Use of diabetes medication
 No 560 95.4 379 95.7 293 100.0 316 96.9 114 98.3 307 97.2 268 98.9
 Yes 27 4.6 17 4.3 0 0.0 10 3.1 2 1.7 9 2.9 3 1.1
Use of antihypertensive medication
 No 300 51.1 209 52.8 166 56.7 185 56.8 116 100 177 56.0 179 66.1
 Yes 287 48.9 187 47.2 127 43.3 141 43.3 0 0.0 139 44.0 92 34.0

Abbreviations: HDL, high-density lipoprotein; MET, metabolic equivalent.

a Values expressed as the mean (maximum).

b Values expressed as the mean (standard deviation).

Spatiotemporally resolved modeling of particulate matter level

To assign exposure we used a recently published, validated spatiotemporal hybrid model, developed by our group, to estimate daily PM2.5 level (in μg/m3) across the study area (18). We used the average PM2.5 level during the year prior to each visit at each participant's residential address to assess the long-term association of air pollution with metabolic dysfunction. The model incorporates fine-scale local land-use regression analysis and satellite-measured aerosol optical depth (18). This hybrid model provides address-level resolution for long-term PM2.5 measurements collected between May 2000 and December 2011. Due to limitations in data availability, we used a similar hybrid model based on the moderate resolution imaging spectroradiometer model, albeit at a lower spatial resolution (a 10-km × 10-km grid) for May 2000–October 2003 and on a 1-km × 1-km grid for October 2003–December 2011 (18, 19). Missing observations on the 1-km × 1-km grid for the period of October 2003–December 2011 were also replaced with measurements from the 10-km × 10-km grid. Out-of-sample cross-validation showed a good fit of the 10-km × 10-km model (R2 = 0.81) and an excellent fit of the 1-km × 1-km model (R2 = 0.87) (18, 19).

Spatiotemporally resolved modeling of temperature level

We used the average daily temperature during the year before each visit at a 1-km × 1-km resolution as a proxy for the temperatures at the participants’ addresses in order to assess the long-term association of outdoor temperature with metabolic dysfunction. Daily temperature with 1-km × 1-km resolution was predicted using a spatiotemporally resolved, satellite-based model similar to that used for PM2.5 (20, 21). Daily estimates were averaged to produce average annual temperatures. Ten-fold out-of-sample cross-validation was used to validate the accuracy of the predictions, and it showed good fit (mean out-of-sample R2 = 0.94) (20, 21).

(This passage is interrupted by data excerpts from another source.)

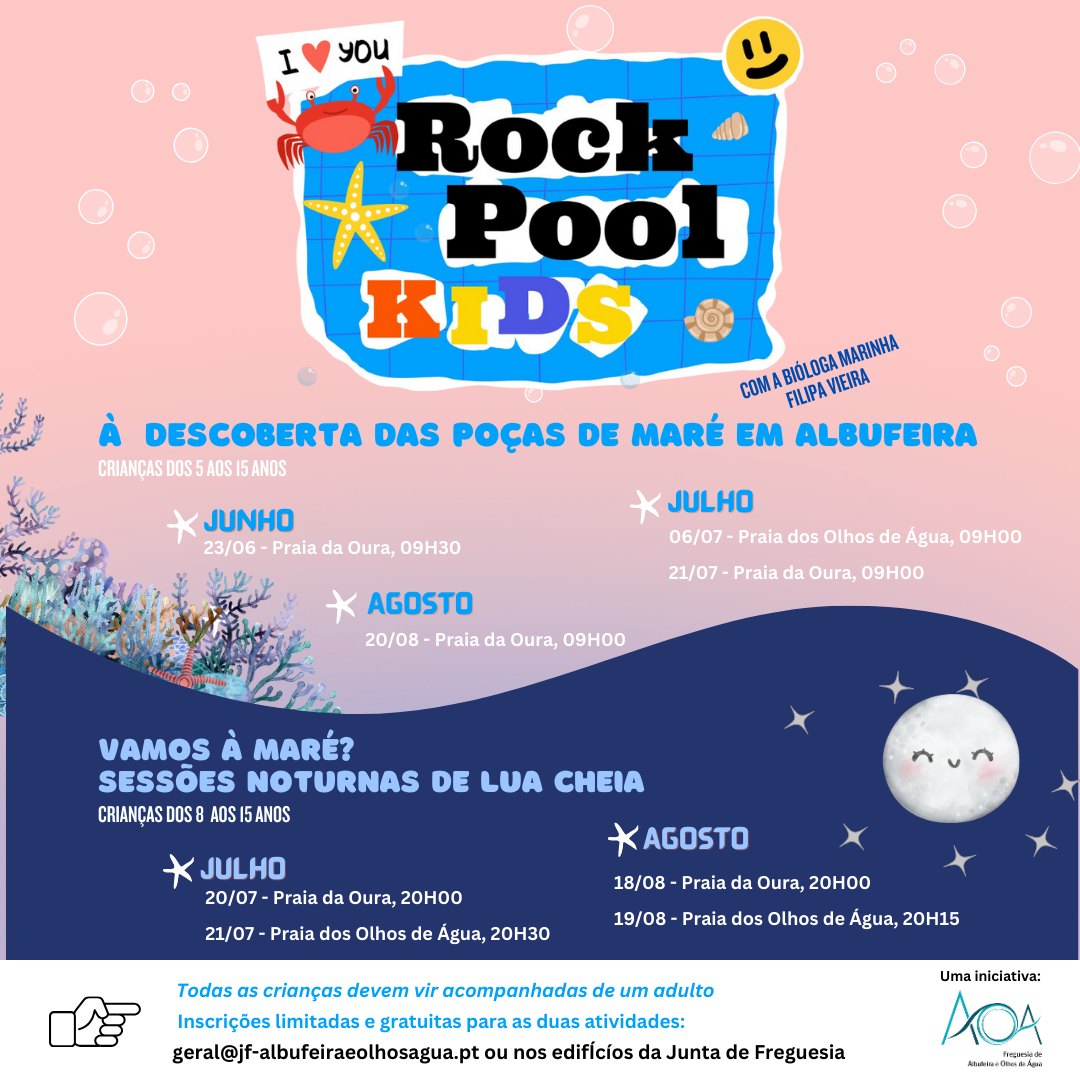 As sessões de Rock Pool Kids prosseguem nas praias de Albufeira e Olhos de Água, numa atividade organizada pela Junta de Freguesia de Albufeira e Olhos de Água e dinamizada pela bióloga marinha Filipa Vieira, que se destina a crianças com idades compreendidas entre os 5 e os 15 anos.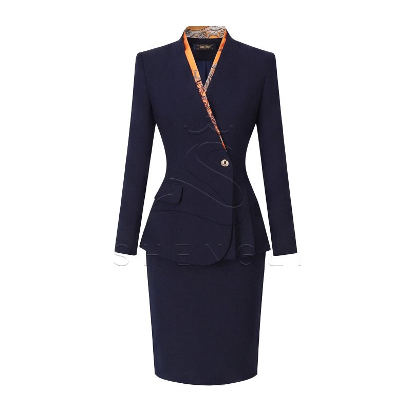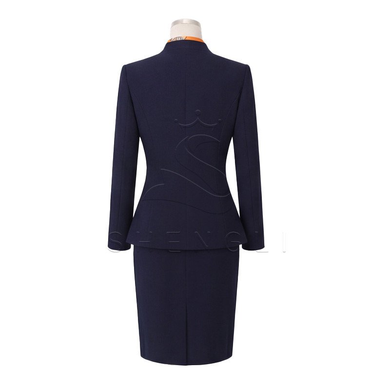 women’s business suit, navy blue office uniform, professional blazer skirt set, ladies formal workwear, corporate suit for women, tailored business outfit, elegant office suit, flight attendant style uniform, women’s professional attire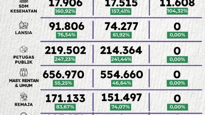 Selanjutnya, kategori petugas publik, dengan rincian sebanyak 219.502 orang mendapatkan vaksin dosis pertama dan 214.364 orang mendapatkan vaksin dosis kedua. Lalu, kategori masyarakat rentan dan umum ada 656.970 orang mendapatkan vaksin dosis pertama. Serta 554.660 orang mendapatkan vaksin dosis kedua.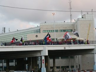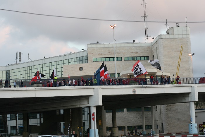 אוהדי הקבוצה מגיעים למתחם הנמל עם דגלי ענק.

Assignment of PM2.5 and temperature levels

In this analysis, we defined as baseline the first NAS visit conducted prior to May 2000, that is, the first month with available PM2.5 and temperature estimates. We used, as a proxy measure for between-visit exposure, the average of PM2.5 or temperature levels at each participant's address in the year before each subsequent follow-up visit. The 1-year average was selected because it correlates well with averages of PM2.5 over longer time windows (e.g., 2–5 years) in this study population (Web Table 3), and it was available for a higher number of visits than were the 2- to 5-year averages.

Clinical measures

At each visit, anthropometric measurements were performed with participants in undershorts and socks. Waist circumference was measured in centimeters at the umbilical level, perpendicular to the axis of the upper body (22). Participants were considered to have abdominal obesity if their waist circumference was ≥102 cm. At each visit, fasting blood glucose and lipid levels were measured in blood samples drawn on the morning of the medical evaluation. In keeping with the diagnostic criteria for metabolic syndrome, high blood sugar was defined as a fasting blood glucose ≥100 mg/dL or medication to treat elevated blood glucose, low HDL cholesterol was defined as any value <40 mg/dL or medication to treat low HDL cholesterol, and hypertriglyceridemia was any triglyceride measure ≥150 mg/dL or medication to treat elevated triglycerides. Individuals were diagnosed with hypertension if their systolic blood pressure was ≥130 mm Hg or diastolic blood pressure was ≥85 mm Hg, or they were taking medication to treat elevated blood pressure. Participants who met 3 or more of the above diagnostic criteria for abdominal obesity, high fasting blood glucose, low HDL, hypertension, or hypertriglyceridemia were considered to have metabolic syndrome (2, 23). A structured, in-person questionnaire was used to collect information about lifestyle and dietary habits, including physical activity, smoking status, alcohol consumption, and average dark fish consumption.

Statistical analyses

The risk of future metabolic dysfunction associated with 1-year average ambient PM2.5 level or temperature estimated at the participants’ addresses was evaluated using Cox proportional hazards modeling. This method's ability to handle censored data and time-dependent covariates makes it well suited for this analysis (24). Metabolic syndrome and 5 individual measures of metabolic function—waist circumference, fasting blood glucose, HDL cholesterol, blood pressure, and triglycerides—were modeled separately.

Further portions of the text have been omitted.